Knowing being centered is a matter of degree (how far removed from your rational mind or ego you get), you should realize that how centered you need to be depends on what you intend to do. If you are working on issues then you need to achieve a degree of centeredness greater than that of your emotional reaction. Otherwise, you cannot be sure of your clarity and objectivity.
5. Enjoy The Moment
The state of mind one has when grounded, cleared and centered is phenomenal and frankly, can be as fun as blissful. Each time you work on centering, you will find yourself able to get deeper into your awareness and further from your rational mind’s influence. From this state, you can begin to explore the vibrant Cosmos around you, do energy work or work on growth issues that you are trying to resolve or move past.
The capabilities of our non-rational mind far exceed those of waking consciousness. Expanding your mental horizons takes time, granted; however, not as long as you might think. We develop our non-rational awareness just as we strengthen our body, by using it. Our body’s strength resides in our muscles; our awareness comes from our thoughts, as we are already capable, just blocked. To unblock it, we retrain the rational mind to allow non-rational states of consciousness, ones where words are not required.
6. Return to Waking Consciousness
Regardless of when you end the meditation, either after centering or after doing some other things, do the Returning to Waking Consciousness step (Part III), as covered in the meditation exercise. Always give yourself some time to come out of meditation; it is better for your mind and your body.
Follow-up
After centering, whether this is all you did or you carried onto other things, be mindful of that feeling you had, of what you felt in that state. One can draw on the memory of that vibration to bring it about in the moment. Remembering it gives us access to the state, how much depends on the degree and power of our attention to it.
One can use this state, and should, to continue to refine their degree of centeredness. All meditative paths to the inner-self include a centered state of mind. It is also extremely useful for making decisions and working on issues where emotional attachments are strong.

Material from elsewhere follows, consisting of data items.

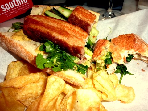 i ate lunch at southie. i had a fried pork belly sandwich. be jealous. southie is a sweet little spot that, at lunch, serves sandwiches, salads & a few sweets. they also serve breakfast & dinner, each with a different menu & each menu changes daily, though some dishes stay put.
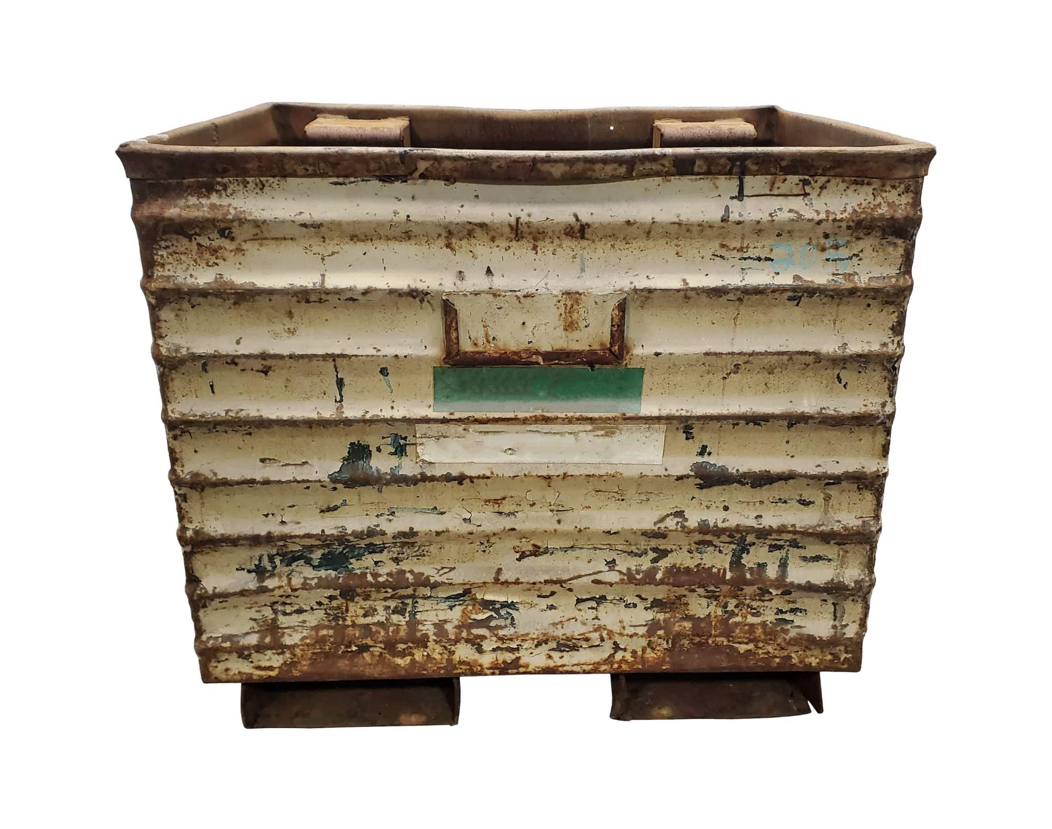 Item #2448: Steel Corrugated Bins 35″ x 27″ x 30″ OA ht, (26″ inside ht), Roll over ability). Qty: 56 units Price: Please call, plus freight quoted separately, subject to prior sales, payment required before shipping.
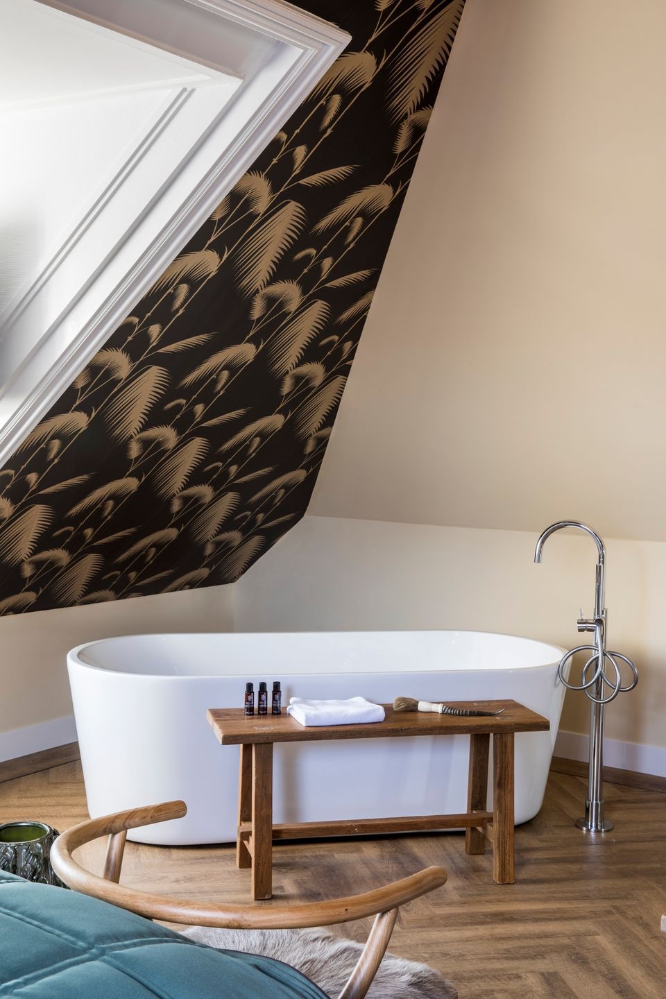 The Junior Suite is a luxurious room of at least 30 m² with a stylish and comfortable interior. In the middle of the room is a freestanding bath, surrounded by a spacious double rain shower with soft towels and care products from Marie-Stella-Maris. The king-size box-spring bed with cold foam mattress ensures a relaxing night's sleep. The room is also equipped with a flat-screen TV with an extensive channel package, coffee and tea making facilities, a laptop safe, hairdryer and a sustainable climate system with which you can regulate the temperature to your liking.
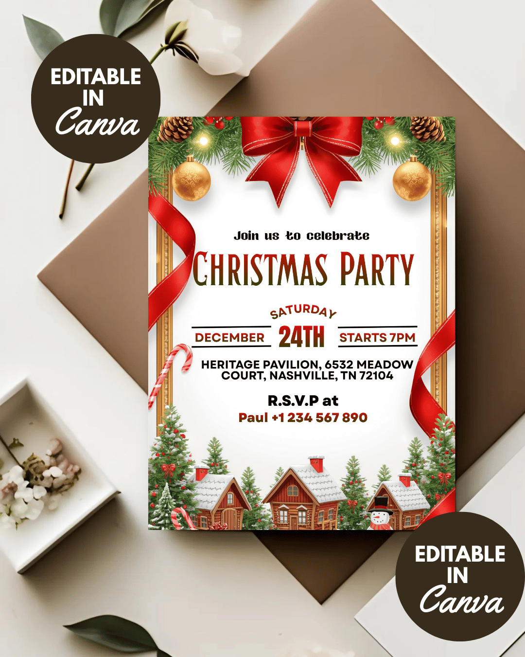 Christmas Eve Invitation – Editable Canva Template
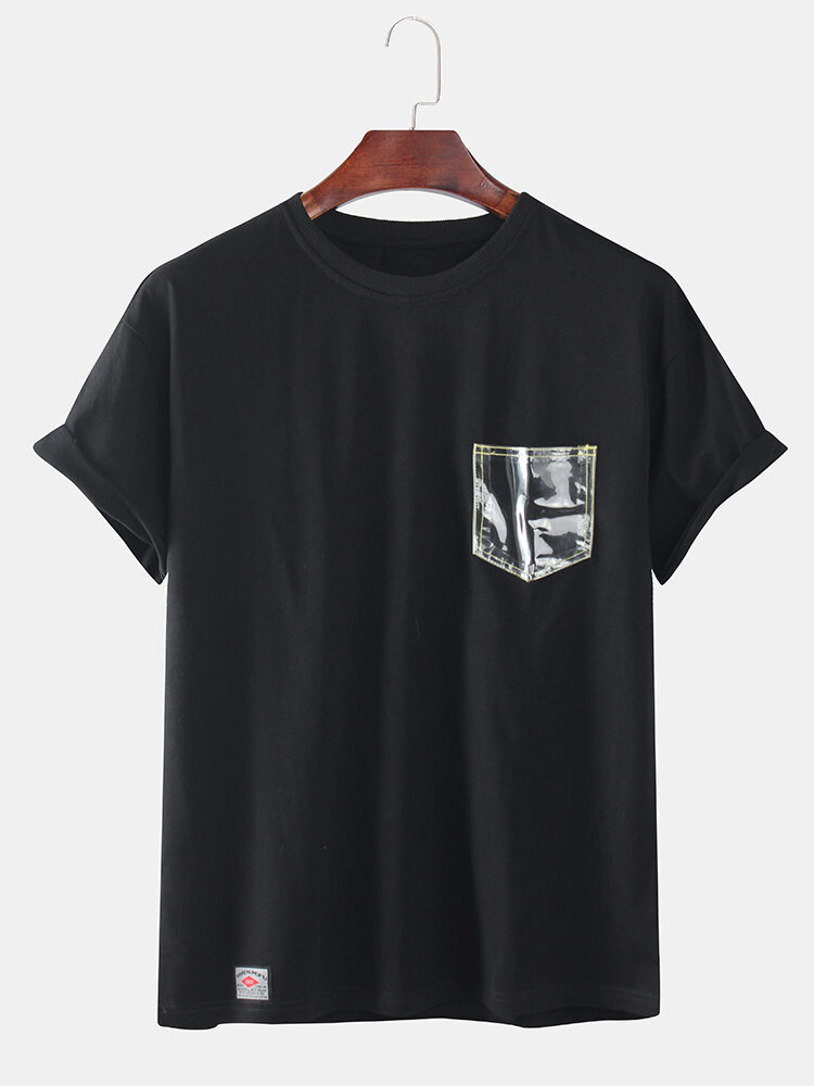 Mens Solid Color See Though Pocket Short Sleeve Casual T-Shirts – White 3XL

For instance, say one is working on an issue and choose to try to get past. To do so they must examine it from as objective a point of view as possible. One can do this in meditation by centering to a level higher than their emotional reactions to it. You use the objectivity test preferable using the issue you are working on, as using another would require that it manifest the same level and type of reaction to it as the one you are working on. The stronger your emotional response to the memory, the easier it is to notice. Therefore the more subtle the issue and emotions manifested by it the greater the degree of sensitivity required.
Whatever your choice may be having learned to center will provide you with many benefits. You may notice you start to act and react differently, that you contemplate more and are more understanding of others and their challenges. Too many people live in constant stress or at least strain by spending too much time thinking and not enough time being. Yes, life can be a challenge, yes we must do what we need to do to survive (within reason), what we do not need to do is spend it stressed out.
Think about this: if we cannot change things, should we also let our thoughts about it increase our burden? This goes hand in hand with that old adage: “accept the things I cannot change, have courage to change the things I can and have the wisdom to know the difference”.